The Financial Action Task Force’s (FATF) logo. — FATF/File

In a bid to meet the Financial Action Task Force’s (FATF) demands, the federal government on Monday decided to form new institutions, sources told Geo News.

In preparation for the report to be presented at the FATF meeting in the third week of June, work has begun on amendments to the Anti-Money Laundering Act and anti-terrorist financing laws.

It is pertinent to mention the federal cabinet had approved the amendments.

The National Counter-Terrorism Authority, Interior Ministry, Law Ministry, Federal Board of Revenue, and Finance Ministry are working to bring amendments to these laws.

Following the amendments, the cases of anti-money laundering and counter-terrorism financing will be investigated by specialised agencies.
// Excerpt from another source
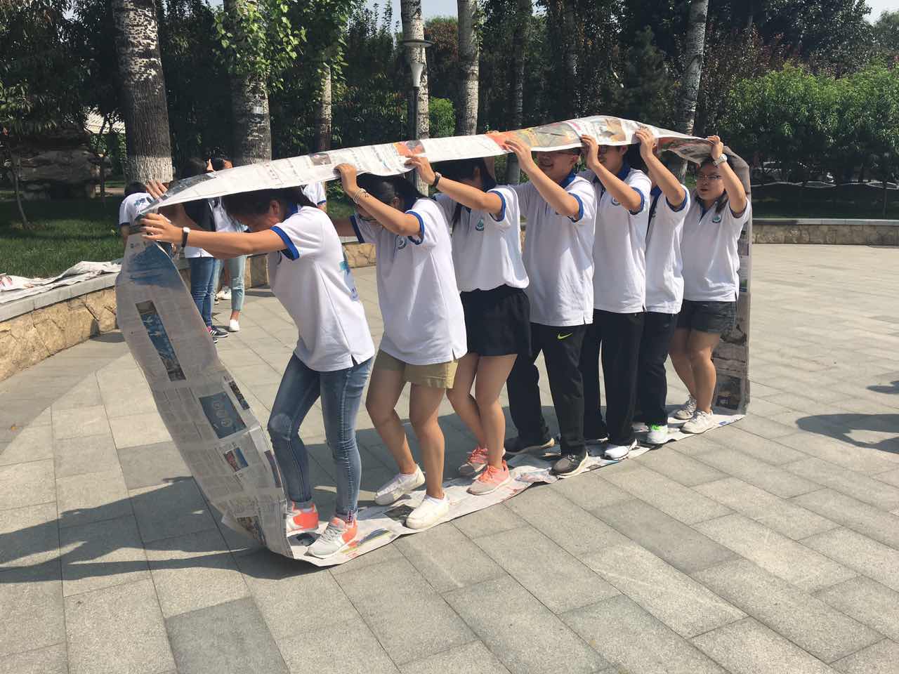 在“人名串串烧”和“班级大点名”暖场活动结束后,班级成员之间便有了初步的了解,不仅熟知了对方的名字,也了解了彼此的爱好和特点。以此为基础,各班分成四队开始名为“星光大道”的建队活动。要求各组在20分钟内选出队长、队歌、队训,绘制队旗,并围绕“自由女神”、“超人”、“葫芦娃”等主题以报纸为素材为队长设计一套时装。时间结束后,各组依次进行比拼。这个项目不仅考验了同学们的分工意识和创新动手能力,也使各位同学也在一片欢乐有趣的气氛中对彼此的了解更进了一步。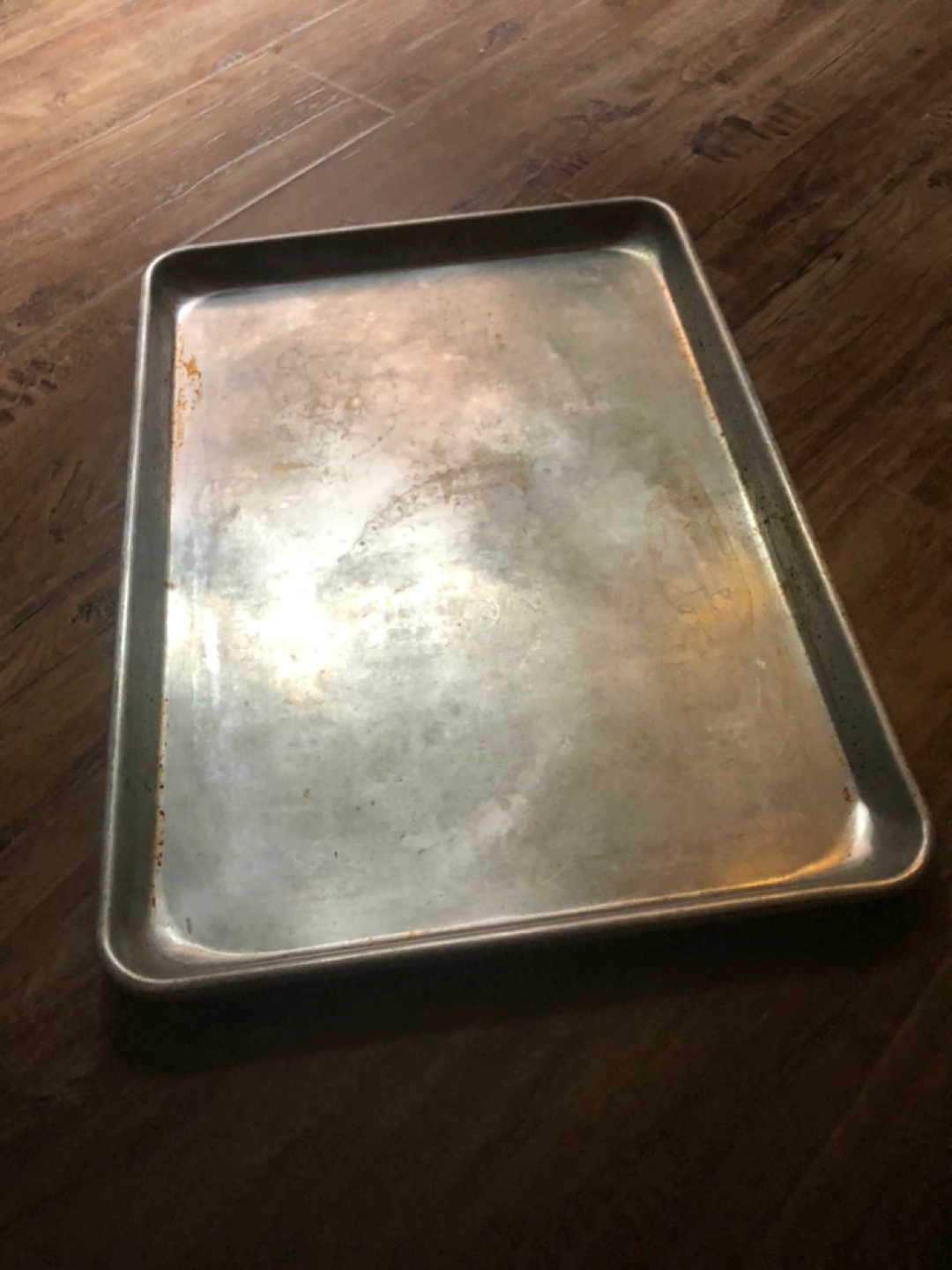 This is a commercial grade baking sheet, perfect for baking cookies or roasting vegetables. It does show signs of wear, which you can see in the photos, but it's minimal, and could possibly come out with some good scrubbing. Still perfectly functional for all your cooking needs, just don’t have a oven at this apartment, otherwise I’d keep it. * Dimensions: 32cm x 43cm * Material: Aluminum 📍Spadina/Bloor and Bay/Grosvenor ⭐️Bundle with other things on profile for extra discounts

The specialised institutions would work with FBR, FMU, NACTA, FIA, ANF, NAB, and provincial anti-corruption departments, sources said. Dozens of special public prosecutors will be appointed in these institutions.

Under the new rules, money laundering cases would be transferred to specialised institutions, while an integrated system would be set up for the recovery of assets seized under terror financing and suspicious remittances.
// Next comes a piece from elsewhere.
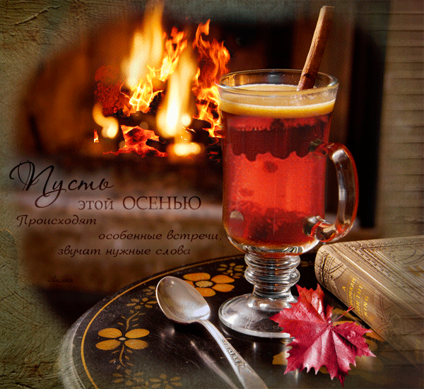 7. Прикольная гифка про осенний вечер с горячим чаем у камина

All investigative agencies will be obliged to share intelligence, sources said.

The report on changes in these laws and the implementation of three more points will be submitted to the FATF.
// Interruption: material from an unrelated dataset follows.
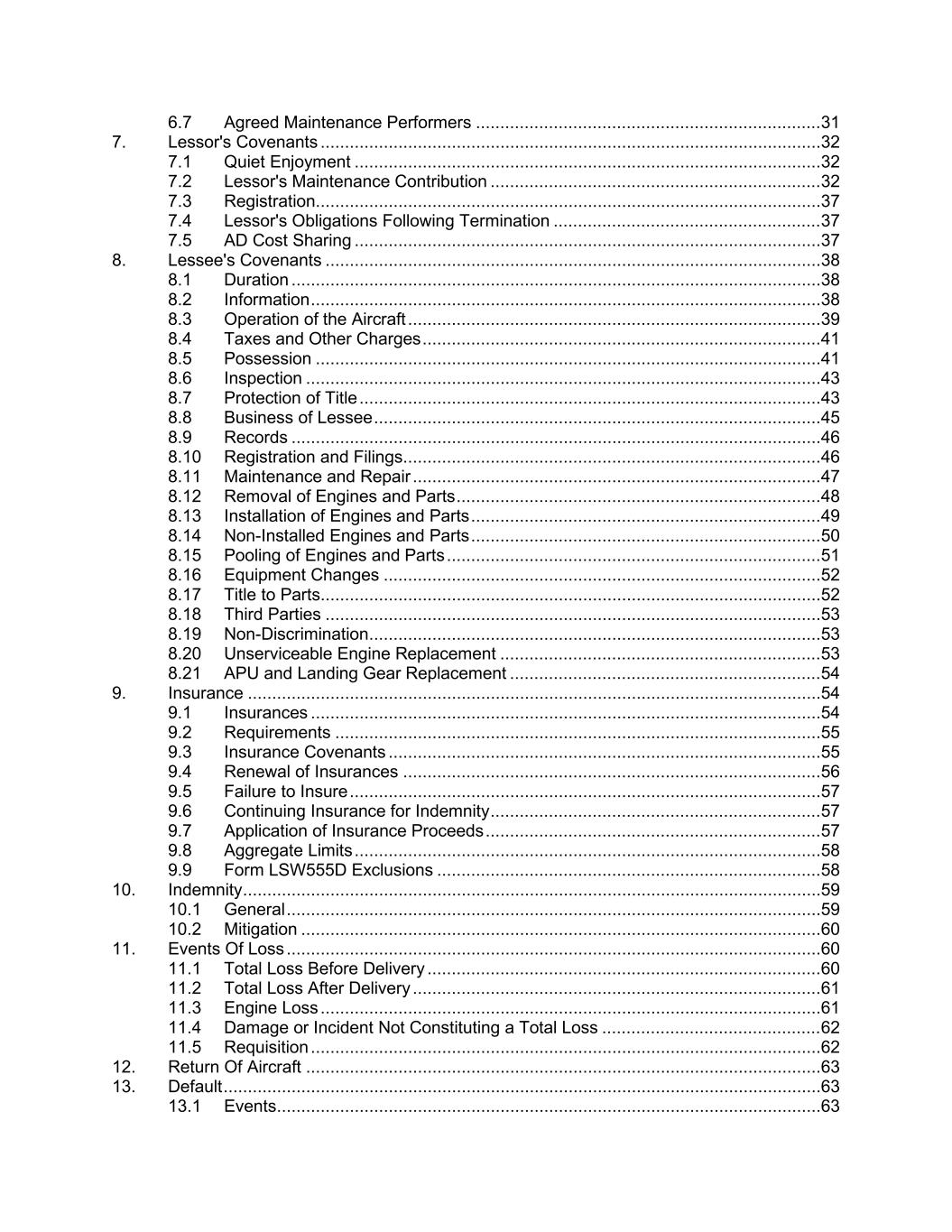 6.7 Agreed Maintenance Performers ....................................................................... 31 7. Lessor's Covenants ....................................................................................................... 32 7.1 Quiet Enjoyment ................................................................................................ 32 7.2 Lessor's Maintenance Contribution .................................................................... 32 7.3 Registration ........................................................................................................ 37 7.4 Lessor's Obligations Following Termination ....................................................... 37 7.5 AD Cost Sharing ................................................................................................ 37 8. Lessee's Covenants ...................................................................................................... 38 8.1 Duration ............................................................................................................. 38 8.2 Information ......................................................................................................... 38 8.3 Operation of the Aircraft ..................................................................................... 39 8.4 Taxes and Other Charges .................................................................................. 41 8.5 Possession ........................................................................................................ 41 8.6 Inspection .......................................................................................................... 43 8.7 Protection of Title ............................................................................................... 43 8.8 Business of Lessee ............................................................................................ 45 8.9 Records ............................................................................................................. 46 8.10 Registration and Filings...................................................................................... 46 8.11 Maintenance and Repair .................................................................................... 47 8.12 Removal of Engines and Parts ........................................................................... 48 8.13 Installation of Engines and Parts ........................................................................ 49 8.14 Non-Installed Engines and Parts ........................................................................ 50 8.15 Pooling of Engines and Parts ............................................................................. 51 8.16 Equipment Changes .......................................................................................... 52 8.17 Title to Parts ....................................................................................................... 52 8.18 Third Parties ...................................................................................................... 53 8.19 Non-Discrimination ............................................................................................. 53 8.20 Unserviceable Engine Replacement .................................................................. 53 8.21 APU and Landing Gear Replacement ................................................................ 54 9. Insurance ...................................................................................................................... 54 9.1 Insurances ......................................................................................................... 54 9.2 Requirements .................................................................................................... 55 9.3 Insurance Covenants ......................................................................................... 55 9.4 Renewal of Insurances ...................................................................................... 56 9.5 Failure to Insure ................................................................................................. 57 9.6 Continuing Insurance for Indemnity .................................................................... 57 9.7 Application of Insurance Proceeds ..................................................................... 57 9.8 Aggregate Limits ................................................................................................ 58 9.9 Form LSW555D Exclusions ............................................................................... 58 10. Indemnity ....................................................................................................................... 59 10.1 General .............................................................................................................. 59 10.2 Mitigation ........................................................................................................... 60 11. Events Of Loss .............................................................................................................. 60 11.1 Total Loss Before Delivery ................................................................................. 60 11.2 Total Loss After Delivery .................................................................................... 61 11.3 Engine Loss ....................................................................................................... 61 11.4 Damage or Incident Not Constituting a Total Loss ............................................. 62 11.5 Requisition ......................................................................................................... 62 12. Return Of Aircraft .......................................................................................................... 63 13. Default ...............................................................................................................

In the light of these reports, the FATF will decide whether or not to remove Pakistan’s name from the grey list.

Pakistan to remain on FATF’s grey list until June

In February, FATF had said Pakistan would remain under “increased monitoring” when it comes to terror financing, therefore, it will remain on the grey list until June 2021.

The decision came after a three-day virtual meeting of the FATF that began on February 22, during which steps taken by Pakistan against terror financing were reviewed.

Speaking via a live video link, the FATF President Dr Marcus Pleyer had said that while FATF recognises Pakistan’s counterterrorism efforts, there are still some serious deficiencies that the country needs to address.

“Out of the 27 conditions of the action plan, three still need to be addressed,” he had said. “I recognise Pakistan’s efforts, and out of the six tasks that it had to complete, three had been done, but it substantially needs to work on the remaining three in terms of terror financing.”

Pleyer stressed that Pakistan must continue to work on the items that it has committed to and make sure that it meets all the requirements, adding that FATF will once again review Pakistan’s efforts in June 2021.